The Gaza humanitarian crisis has reached catastrophic levels. On May 30, a UN official described Gaza “as the hungriest place on earth” and “the only defined territory in the world where the entire population is at risk of famine.”
Before Hamas’ brutal October 7 attack inside Israel, approximately half of Gaza’s two million people relied on some form of assistance from the United Nations Relief and Works Agency (UNRWA), other UN agencies and international nongovernmental organizations (INGOs). The Israeli military response exacerbated the situation as even more Palestinians became dependent on food, medicine and water supplied by humanitarian organizations. Moreover, Israeli restrictions on the entry of aid to Gaza and the lack of effective deconfliction mechanisms once aid entered Gaza, coupled with systematic looting of humanitarian aid by Hamas and criminal groups, contributed to scarcities of food and other essentials and undermined the safety of humanitarian workers.

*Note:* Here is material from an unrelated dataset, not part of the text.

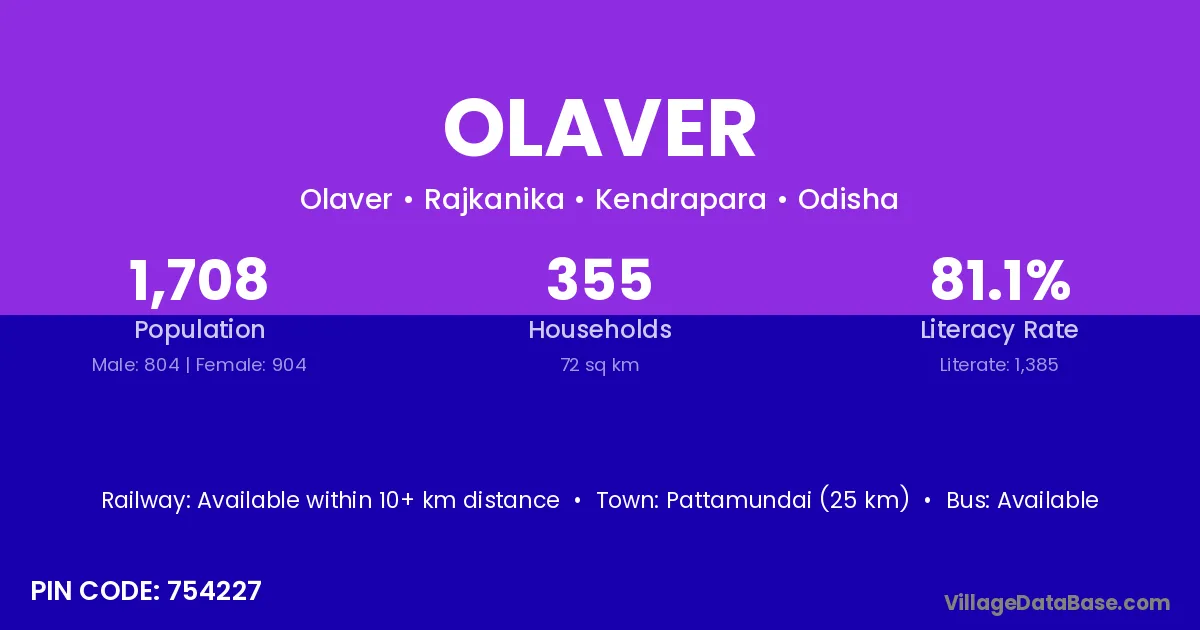 Pattamundai (25 km) is the nearest town to Olaver village for major economic activities and is located approximately 25 km away.

At the end of the six-week ceasefire that prevailed between January 19 and March 2, 2025, Israeli Prime Minister Benjamin Netanyahu, with the support of the Trump Administration, imposed a complete closure on Gaza, preventing any humanitarian supplies from entering the territory. Food stockpiles were soon depleted; on May 13, the World Health Organization reported that 57 infants had died from acute malnutrition since the blockade was imposed. Antibiotics and other medicines required to treat routine illnesses became unavailable and the numbers of preventable deaths increased.
Ultimately, reports and visuals describing the extreme plight of the civilian population in Gaza increased pressure on the Government of Israel (GOI) to lift the blockade and allow for humanitarian access. On May 19, the GOI allowed the first aid trucks in more than 80 days to enter Gaza, but the numbers were insufficient to address the humanitarian needs. A week later, the Gaza Humanitarian Foundation, an Israeli-initiated mechanism began operating.
Throughout the war, Israel has sought to balance its obligation to permit humanitarian access while preventing the diversion of food by Hamas and other militant groups to provide for their militants and to sell on the black market. While humanitarian organizations dispute that there have been more than de minimis diversions, the GOI encouraged development of alternative mechanisms for the delivery of humanitarian assistance.
The newly-formed Delaware and Swiss registered Gaza Humanitarian Foundation (GHF) represents Israel’s current response. As explained in a 14-page prospectus-like document, GHF would hire personnel, purchase humanitarian packages, arrange for the transport of the packages to designated humanitarian hubs inside Gaza and distribute the packages at the hubs to individuals on behalf of their families. Integral to the plan was the hiring of a US-based Safe Reach Solutions, which would provide security at the hubs.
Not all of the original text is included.